*** Opening DATA TO PROCESS ***
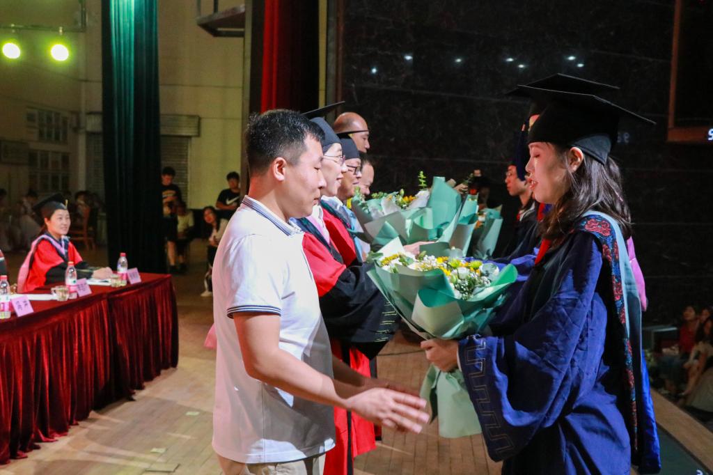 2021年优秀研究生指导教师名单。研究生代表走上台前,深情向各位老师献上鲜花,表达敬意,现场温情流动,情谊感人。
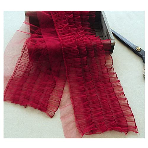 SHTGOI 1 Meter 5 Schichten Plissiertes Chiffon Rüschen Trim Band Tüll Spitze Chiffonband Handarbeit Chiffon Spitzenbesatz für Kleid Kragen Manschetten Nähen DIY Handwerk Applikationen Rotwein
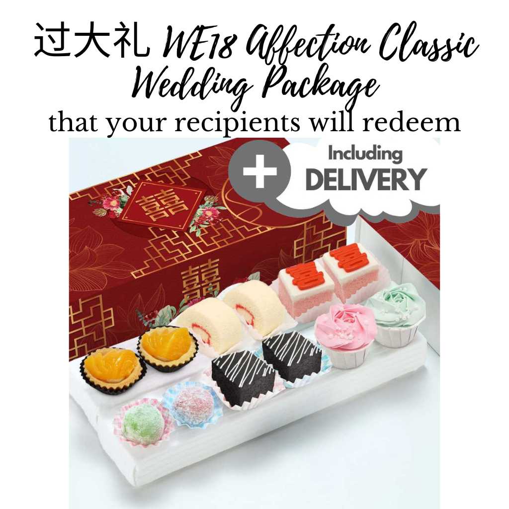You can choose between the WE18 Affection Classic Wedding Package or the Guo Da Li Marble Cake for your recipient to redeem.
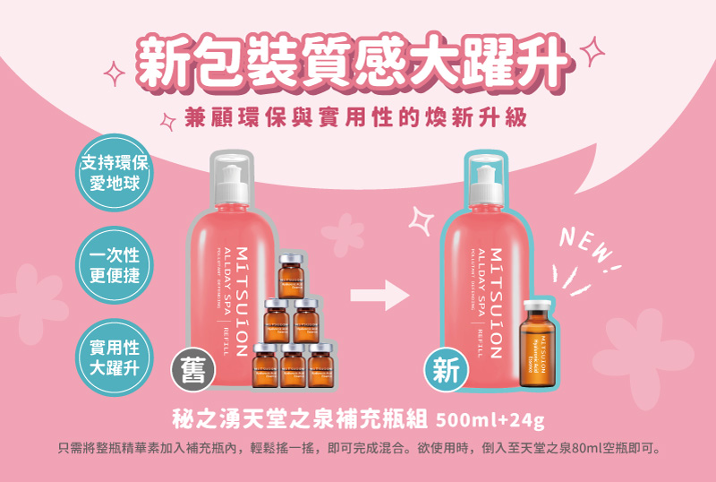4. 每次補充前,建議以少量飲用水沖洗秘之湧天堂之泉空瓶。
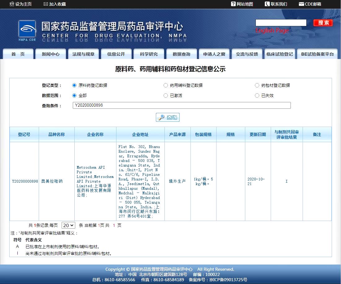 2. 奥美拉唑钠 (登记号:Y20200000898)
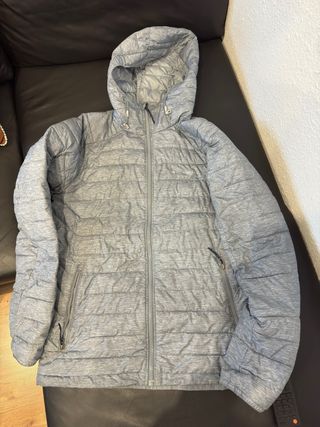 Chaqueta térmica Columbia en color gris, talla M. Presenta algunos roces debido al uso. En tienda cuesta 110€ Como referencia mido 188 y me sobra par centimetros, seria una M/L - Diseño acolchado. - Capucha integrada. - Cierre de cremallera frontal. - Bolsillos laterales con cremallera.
*** Closing DATA TO PROCESS ***
**PROBLEM REQUIREMENTS:** Only the lines from the one containing "You can choose" to the end of the listing belong in the answer, exactly as they stand and with no pictures.

**SOLVED PROBLEM:**
You can choose between the WE18 Affection Classic Wedding Package or the Guo Da Li Marble Cake for your recipient to redeem.
4. 每次補充前,建議以少量飲用水沖洗秘之湧天堂之泉空瓶。
 2. 奥美拉唑钠 (登记号:Y20200000898)
 Chaqueta térmica Columbia en color gris, talla M. Presenta algunos roces debido al uso. En tienda cuesta 110€ Como referencia mido 188 y me sobra par centimetros, seria una M/L - Diseño acolchado. - Capucha integrada. - Cierre de cremallera frontal. - Bolsillos laterales con cremallera.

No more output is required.